START Material to process
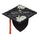 This elegant graduation cap topper features a black background with a graduation cap in faux gold, a sheet music and roses in light blue grey. Personalize it for your needs. You can find matching products at my store.
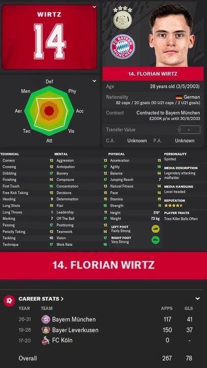 Alright guys, let’s dive into the electrifying world of Football Manager 2023 and talk about one of the hottest young talents out there: Florian Wirtz. If you’re a regular on the FM circuit, you’ve probably heard the name, and if you haven’t, well, buckle up because this kid is something else. We’re talking about a player who, even at a young age, possesses a level of skill and maturity that belies his years. In FM23, Wirtz isn’t just a good player; he’s a game-changer , a potential superstar who can elevate any team lucky enough to snatch him up. Whether you’re managing a Premier League giant or a lower-league team with ambitions, understanding Wirtz’s capabilities and how to utilize him is key to unlocking some serious success. He’s the kind of player who can create magic out of thin air, thread those impossible passes, and find the back of the net with a regularity that makes you wonder if you’re playing with a cheat code. This guide is all about breaking down exactly why Wirtz is so highly-rated in Football Manager 2023, what makes him a must-have asset, and how you can get the best out of him on your save. We’ll cover his stats, his potential, and the tactical approaches that best suit his unique skillset. So, grab your favorite brew, get comfy, and let’s get down to business dissecting the brilliance of Florian Wirtz in FM23.
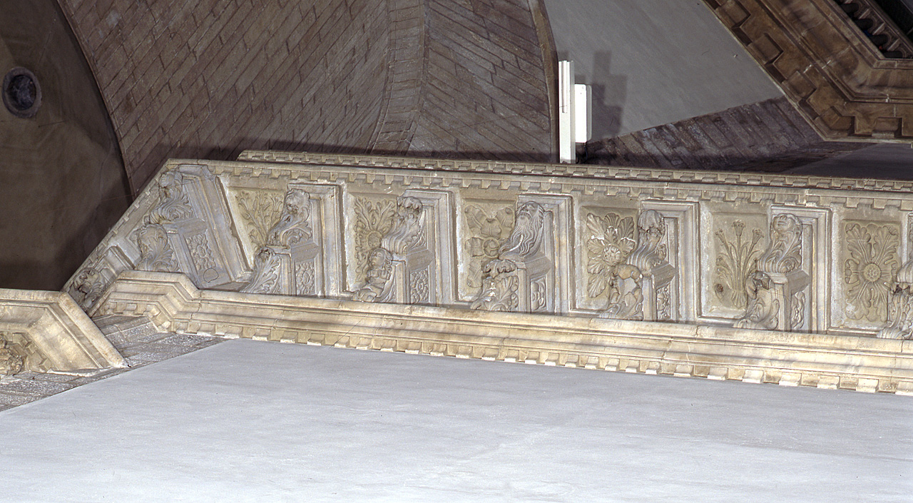 Decorazioni: dentelli, modanature, fiori, foglie d'acanto, rosette, vaso
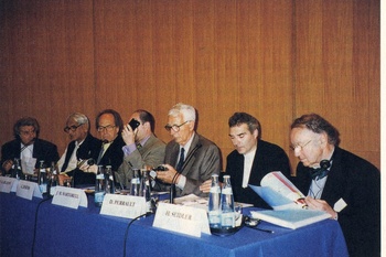 Açıkoturumda mimarlar; soldan: M. Botta, C. Correa T.G. De Leon, C. oykers, J.M. MartareII, O. Perrault, H. Seidler.
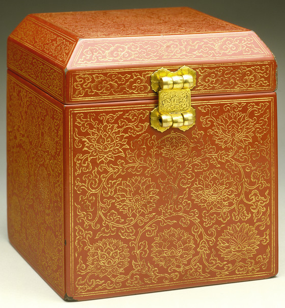 Red lacquer with incised and gold-filled decoration (qiangjin) and gilt-bronze fittings
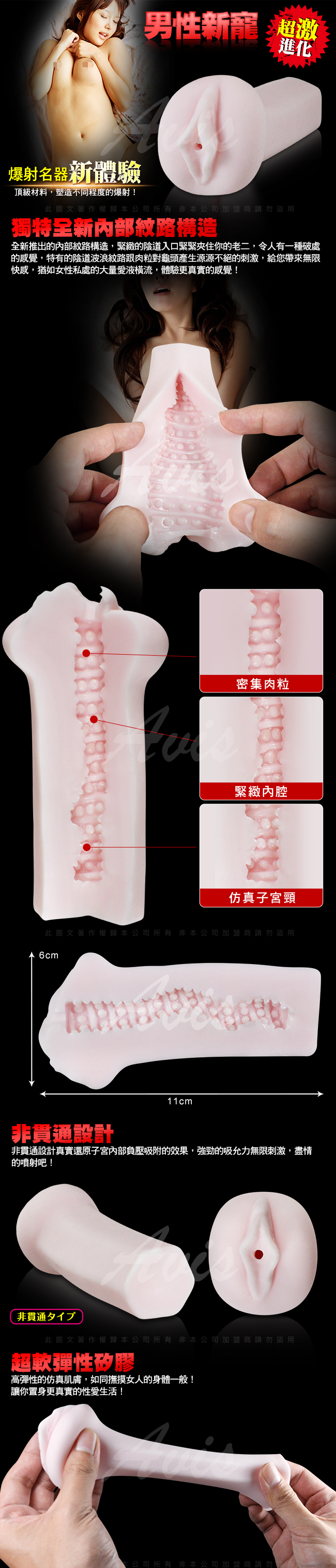 進入時首先是一條深喉紋路,先把你的龜頭吸允然後進入陰道直達子宮,有眾多肉粒環繞根子宮核來刺激陰莖,每一粒都發揮增加快感的奇效
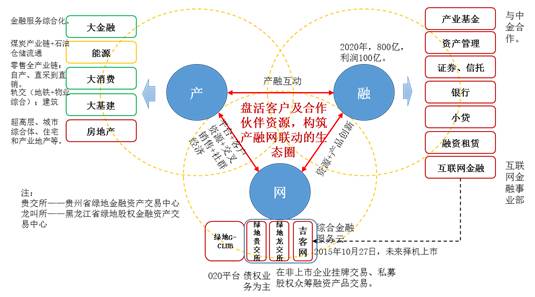 网络。突破简单的嫁接房地产业务的应用,而是将依托互联网技术,把金融作为工具,串联实业、消费、服务。当然,绿地集团前期积累的350万会员和1500万租户是网络平台发展关键。如吉客网将深入挖掘绿地集团“近百家酒店、近千个CBD、近万个社区”里的客户资源,将其转化为平台活跃用户,同时创新支付方式和积分体系,吸引用户持续消费平台上的金融产品和服务,提升用户黏性;平台将运用云计算和大数据技术,精准定位客户,为其定制所需金融产品和服务。
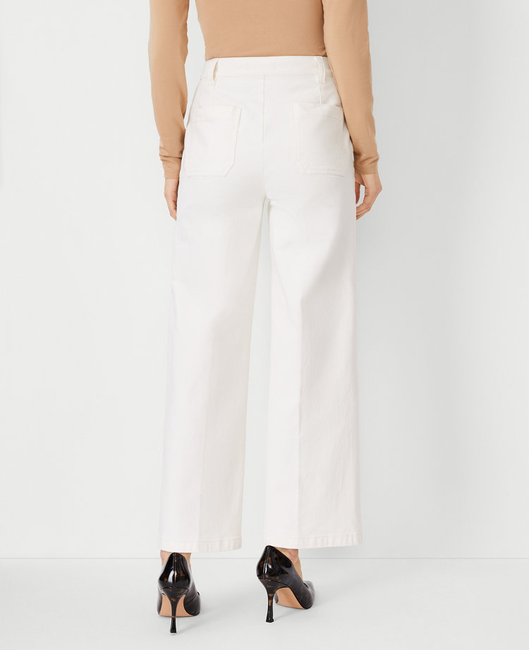 Topped with button front plackets for a nautical nod, these wide-leg crop jeans feature a flattering high waist. Front zip with hook-and-bar closure. Button front plackets. Back belt loops. Back patch pockets.
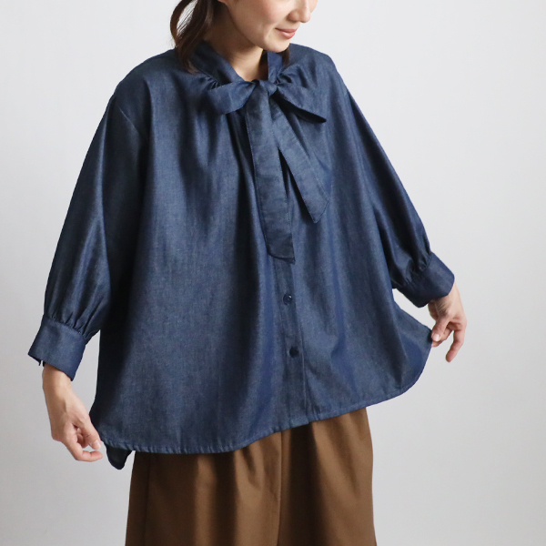 - 甘織デニム ボウタイ リボンタイ 燕尾裾ブラウス シャツ 八分袖 前開き 羽織りもの コットン H52
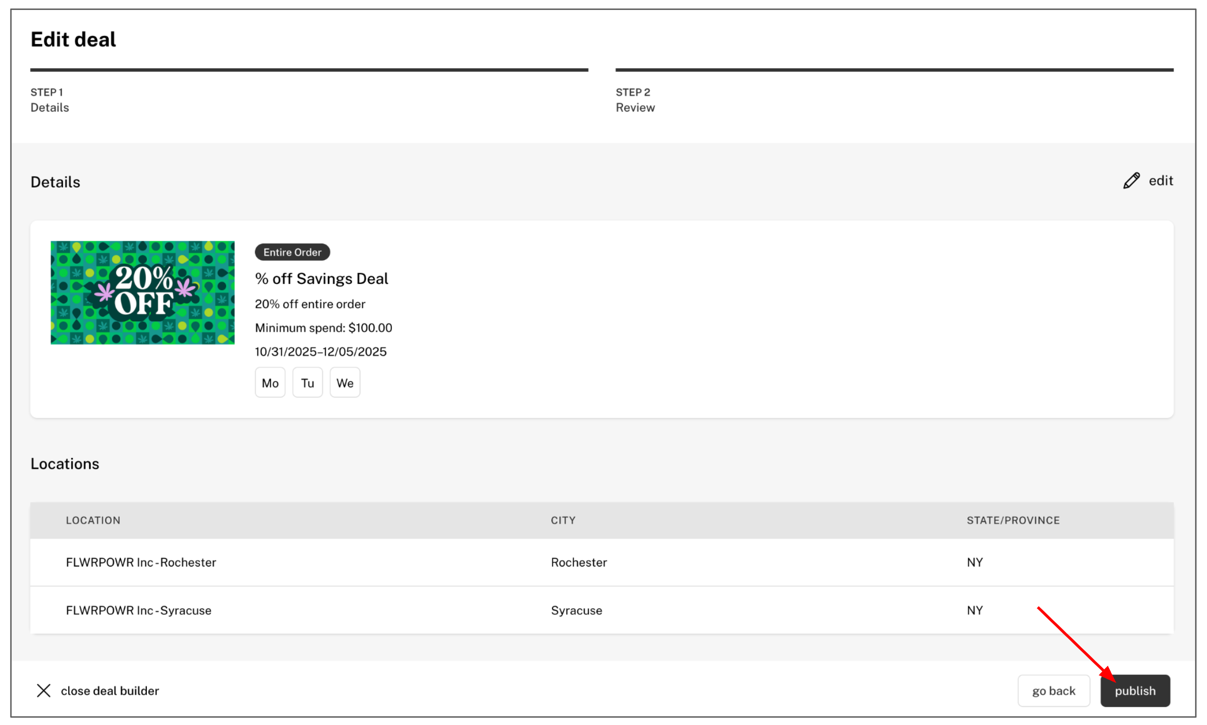 - Publish the deal. Only eligible stores (non–Info tier) will be included on publish.
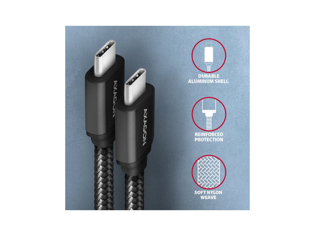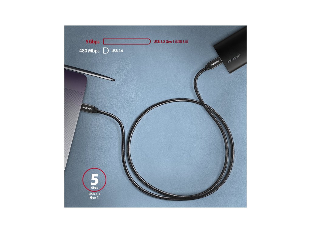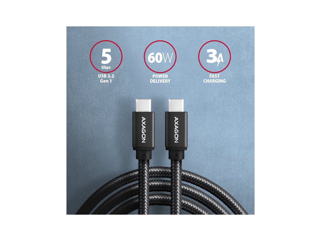 Prémiový propojovací USB-C <-> USB-C datový a nabíjecí AXAGON BUCM3-CM30AB SPEED USB 3.2 Gen 1 kabel s konektory USB-C male na obou koncích. Kabel je navržen pro rychlé datové přenosy a nabíjení notebooků, telefonů, tabletů a dalších mobilních zařízení. Podporuje přenos dat rychlostí až 5 Gb/s a nabíjení proudem až 3A. Kabel je kompatibilní s nabíjecími technologiemi Power Delivery 60W, Quick Charge, Samsung AFC, Huawei FCP, SMART a dalšími. Odolný datový a napájecí kabel s prodlouženou životností je opatřen kovovými koncovkami, konektory s poniklovaným povrchem a pozlacenými kontakty. Vodiče kabelu jsou vyrobené z pocínované bezkyslíkaté mědi. Kvalitní izolace kabelu, vyrobená z flexibilního TPE, zaručuje maximální odolnost, ale zachovává i dostatečnou ohebnost. Konečnou pevnost kabelu dodává nylonový oplet. Bonusem je praktická páska pro snadné sbalení kabelu. Napájecí vodiče 22AWG (nižší číslo = větší průřez a nižší odpor vodiče) garantují rychlé nabíjení telefonů a dalších mobilních zařízení. Kabel podporuje také nabíjení notebooků technologií Power Delivery 60W. Datové vodiče 30AWG spolu s kvalitním stíněním, zajišťují spolehlivý přenos dat. Trojité stínění chrání přenášené signály před nepříznivým rušením. Nylonový oplet v kombinaci s kabelovou průchodkou podstatně zmírňují nebezpečný ohyb kabelu. Životnost kabelu je tak prodloužena na více jak 8000 standardních ohybů. Mechanickou odolnost kabelu zvyšují také hliníkové kryty koncovek. Konektory: • 2x USB-C (M) male / samec. Další vlastnosti: • DATA SYNC & FAST CHARGING - současný přenos dat a dobíjení baterie mobilního zařízení. • SuperSpeed USB - USB 3.2 Gen 1 (dříve USB 3.1 Gen 1 / USB 3.0). • Kompatibilní také s USB 3.2 Gen 2, zpětně kompatibilní s USB 2.0. • Podpora přenosových rychlostí 5.000 / 480 / 12 / 1.5 Mb/s (SuperSpeed / High / Full / Low speed). • Podpora rychlého nabíjení proudem až 3A. • Podporované technologie nabíjení: Power Delivery 2.0/3.0 60W (20V/3A), Qualcomm Quick Charge 2.0 / 3.0 / 4+, Samsung Adaptive Fast Charging, Huawei Fast Charge Protocol, SMART Charging a další. • Kabel obsahuje napájecí vodiče 22AWG, datové vodiče 30AWG. • Vodiče z pocínované bezkyslíkaté mědi pro omezení oxidace, zvýšení vodivosti a čistý signál bez zkreslení. • Dvojnásobné stínění pokovenou fólií, a opletení z pocínované mědi minimalizuje rušení a zabraňuje ztrátě signálu. • Poniklované konektory a pozlacené kontakty zamezují oxidaci a zajišťují spolehlivé spojení. • Vhodný pro notebooky, mobilní telefony a smartphony, tablety, powerbanky a další mobilní zařízení s USB-C konektorem. Další údaje: • délka kabelu 3 m, • vnější průměr kabelu 4.5 mm. Balení v zataveném fóliovém obalu s potiskem a s otvorem pro zavěšení obsahuje: • USB-C M <-> USB-C M kabel černé barvy, • stahovací páska.Dodatočné parametre
END Material to process
Starting at the line with "Açıkoturumda mimarlar; soldan: M." in the entries above, write out every line exactly until the line with "- Publish the" has been written. Include no pictures and nothing more.

 Açıkoturumda mimarlar; soldan: M. Botta, C. Correa T.G. De Leon, C. oykers, J.M. MartareII, O. Perrault, H. Seidler.
 Red lacquer with incised and gold-filled decoration (qiangjin) and gilt-bronze fittings
 進入時首先是一條深喉紋路,先把你的龜頭吸允然後進入陰道直達子宮,有眾多肉粒環繞根子宮核來刺激陰莖,每一粒都發揮增加快感的奇效
 网络。突破简单的嫁接房地产业务的应用,而是将依托互联网技术,把金融作为工具,串联实业、消费、服务。当然,绿地集团前期积累的350万会员和1500万租户是网络平台发展关键。如吉客网将深入挖掘绿地集团“近百家酒店、近千个CBD、近万个社区”里的客户资源,将其转化为平台活跃用户,同时创新支付方式和积分体系,吸引用户持续消费平台上的金融产品和服务,提升用户黏性;平台将运用云计算和大数据技术,精准定位客户,为其定制所需金融产品和服务。
 Topped with button front plackets for a nautical nod, these wide-leg crop jeans feature a flattering high waist. Front zip with hook-and-bar closure. Button front plackets. Back belt loops. Back patch pockets.
 - 甘織デニム ボウタイ リボンタイ 燕尾裾ブラウス シャツ 八分袖 前開き 羽織りもの コットン H52
 - Publish the deal. Only eligible stores (non–Info tier) will be included on publish.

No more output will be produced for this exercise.